Neurosurgical Outcomes Following Establishment of a Twinning Program at Mulago Hospital in Uganda
Duke University Medical Center neurosurgeon, Dr. Micheal Haglund, established a twinning program between Duke and Mulago Hospital in Kampala, Uganda back in 2008. While a study was performed in 2011 that showed that the program had increased neurosurgical capacity, there was no study looking at patient outcomes. This study was thus undertaken to explore patient outcomes in an effort to provide information the program could use for evaluating its impact.
This study was carried out in a retrospective fashion including all patients who underwent a neurosurgical procedure at Mulago Hospital from fiscal year 2005 to 2013. Data for this study was extracted from three sources: surgical log books, patient charts, and Mulago Hospital death registry. Information from these sources were collected using electronic data collection tools to determine morality rate (30-day and overall), infection rate (pre-op and post-op), and length of stay (total, pre-op, and post-op). These three outcome measures were then compared pre-program versus post-program.
Peri-operative mortality rate (POMR), or 30-day mortality, was significantly increased from 7.41% pre-program to 13.62% post-program.
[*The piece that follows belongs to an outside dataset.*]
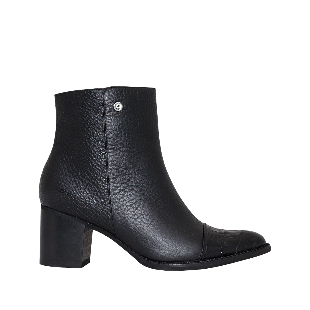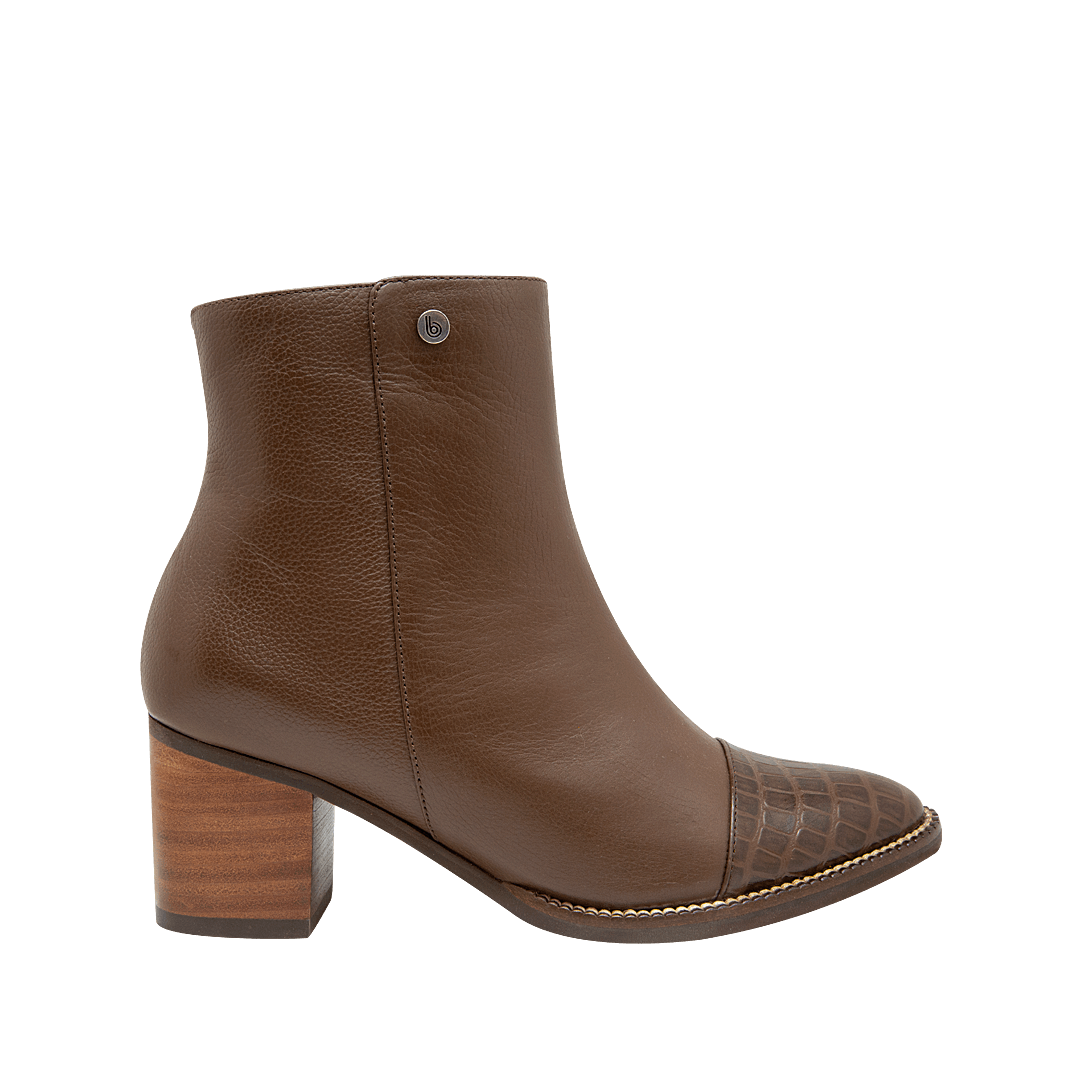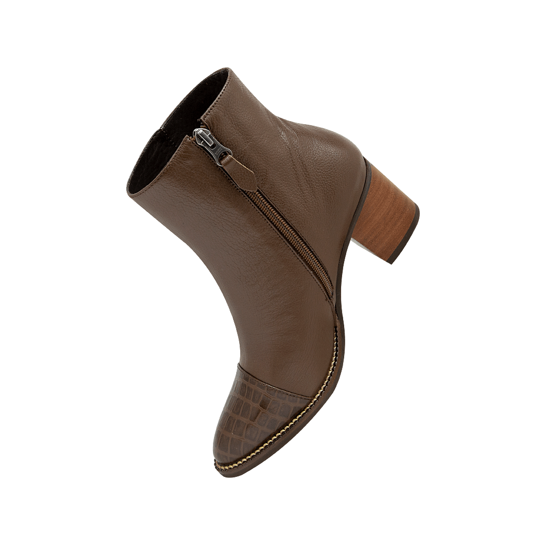 ¡Un básico que no te puede faltar! • Botín para mujer en cuero liso y croco color cacao • Acabado en punta • Cierre lateral mediante cremallera • Tacón en madera • Hecho a mano en Colombia.

Overall mortality was also significantly increased from 12.96% pre-program to 19.89% post-program. Relative risk for POMR was 1.85 (1.13, 3.03) and overall mortality was 1.53 (1.06, 2.22). Pre-op infection was significantly decreased from 29.74% pre-program to 22.1% post-program with a relative risk of 0.75 (0.56, 1.00). Mean total length of stay and pre-operative length of stay were both significantly decreased.
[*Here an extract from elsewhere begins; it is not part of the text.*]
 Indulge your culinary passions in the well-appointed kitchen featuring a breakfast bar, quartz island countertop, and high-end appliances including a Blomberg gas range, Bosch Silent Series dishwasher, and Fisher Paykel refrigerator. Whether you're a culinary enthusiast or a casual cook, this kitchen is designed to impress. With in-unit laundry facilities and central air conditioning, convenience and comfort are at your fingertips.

The results show that the program has had a generally positive impact, but the mortality increase is an important question to explore. This result may be attributed to complexity and triaging issues, but a prospective analysis would be the only way to make that determination. Additionally, further qualitative and deeper quantitative investigations can provide a fuller evaluation of the program's impact. Overall it is clear that this program is allowing greater access to neurosurgical care to a population that would have otherwise went without care.